Work to be completed
Each line below should be retyped exactly, with no pictures.

Provided material

▽

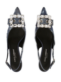 Patchwork denim slingbacks with rhinestone buckle
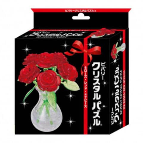 | このパズルは透明のピースを組み上げる立体ジグソーパズルです。完成すると、クリスタルのように美しく輝くインテリアとして楽しめます。想いを込めたギフトに最適な、花瓶に入った赤いバラが出来上がります。 |
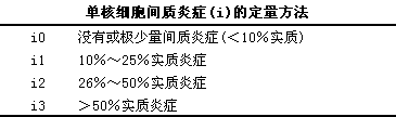在Banff标准中,l肾移植后急性排异的特异性改变为肾小管炎和动脉内膜炎。虽然在排异时最明显的损害常为间质的单核细胞浸润,l但许多研究显示在移植物功能稳定及正常期也可发现局灶或轻度弥漫性单核细胞浸润,l所以目前认为间质单核细胞浸润不影响移植物的存活率。有的作者还发现约80%环孢索A治疗的肾功能稳定患者有间质单核细胞浸润,l并且42%左右患者呈弥漫浸润,l所以单核细胞间质浸润不能作为排异的特异指标。
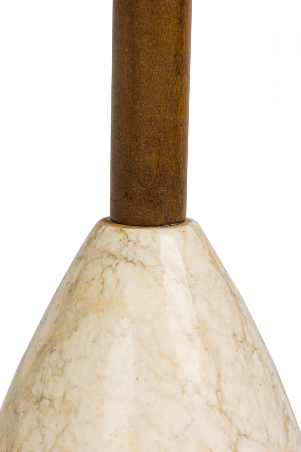 Mid-Century Italian carrara marble table lamp in bullet form featuring a wood stem protruding from the stone with a non-functioning brass light switch socket and harp. The marble has a striated brown texture over a beige ground with a smoothly polished finish and flattened bottom.

△

Solution for this problem
 Patchwork denim slingbacks with rhinestone buckle
 | このパズルは透明のピースを組み上げる立体ジグソーパズルです。完成すると、クリスタルのように美しく輝くインテリアとして楽しめます。想いを込めたギフトに最適な、花瓶に入った赤いバラが出来上がります。 |
在Banff标准中,l肾移植后急性排异的特异性改变为肾小管炎和动脉内膜炎。虽然在排异时最明显的损害常为间质的单核细胞浸润,l但许多研究显示在移植物功能稳定及正常期也可发现局灶或轻度弥漫性单核细胞浸润,l所以目前认为间质单核细胞浸润不影响移植物的存活率。有的作者还发现约80%环孢索A治疗的肾功能稳定患者有间质单核细胞浸润,l并且42%左右患者呈弥漫浸润,l所以单核细胞间质浸润不能作为排异的特异指标。
 Mid-Century Italian carrara marble table lamp in bullet form featuring a wood stem protruding from the stone with a non-functioning brass light switch socket and harp. The marble has a striated brown texture over a beige ground with a smoothly polished finish and flattened bottom.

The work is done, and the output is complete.